Thompson v. Oklahoma

Thompson v. Oklahoma
Argued November 9, 1987
Decided June 29, 1988
Full case nameWilliam Wayne Thompson v. State of Oklahoma
Citations487 U.S. 815 (more)
108 S. Ct. 2687; 101 L. Ed. 2d 702; 1988 U.S. LEXIS 3028; 56 U.S.L.W. 4892
Case history
PriorDefendant tried as an adult and convicted of murder of his brother-in-law, who had been abusing his ex-wife, who was Thompson's sister; was found guilty; and was sentenced to death.
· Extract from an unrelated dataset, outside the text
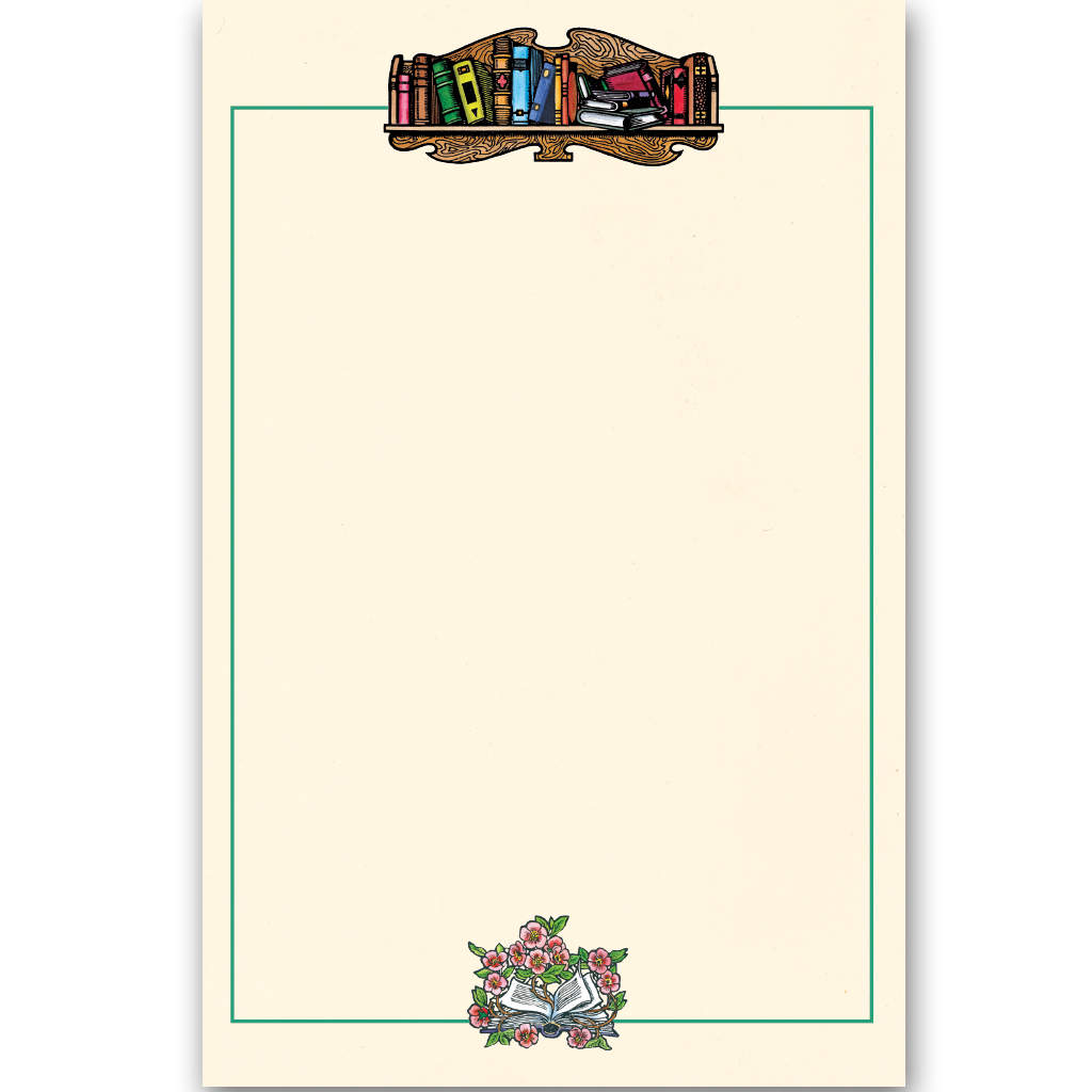 This charming Shelf of Books letter writing set features delightful motifs drawn from a 1920s printer's type catalog, celebrating the timeless beauty of books and reading. The stationery sheets showcase a colorful shelf of books and an open volume nestled in a bed of roses, while the envelopes feature an elegant still life of a book, vine, and candle - evoking the quiet pleasure of reading by candlelight.

Appealed to Court of Criminal Appeals of Oklahoma, decision affirmed, 1986 OK CR 130, 724 P.2d 780. Appealed to U.S. Supreme Court, granted writ of certiorari, 479 U.S. 1084 (1987).
Holding
The Eighth and Fourteenth Amendments forbid imposition of the death penalty on offenders who were under the age of 16 when their crimes were committed.
Court membership
Chief Justice
William Rehnquist
Associate Justices
William J. Brennan Jr. · Byron White
Thurgood Marshall · Harry Blackmun
John P. Stevens · Sandra Day O'Connor
Antonin Scalia · Anthony Kennedy
Case opinions
PluralityStevens, joined by Brennan, Marshall, Blackmun
ConcurrenceO'Connor
DissentScalia, joined by Rehnquist, White
Kennedy took no part in the consideration or decision of the case.
Laws applied
U.S. Const. amends. VIII, XIV

Thompson v. Oklahoma, 487 U.S. 815 (1988), was the first case since the moratorium on capital punishment was lifted in the United States in which the U.S. Supreme Court overturned the death sentence of a minor on grounds of "cruel and unusual punishment."[1] The holding in Thompson was expanded on by Roper v. Simmons (2005), where the Supreme Court extended the "evolving standards" rationale to those under 18 years old.[2]

  1. ^ Thompson v. Oklahoma, 487 U.S. 815 (1988).
  2. ^ Roper v. Simmons, 543 U.S. 551 (2005).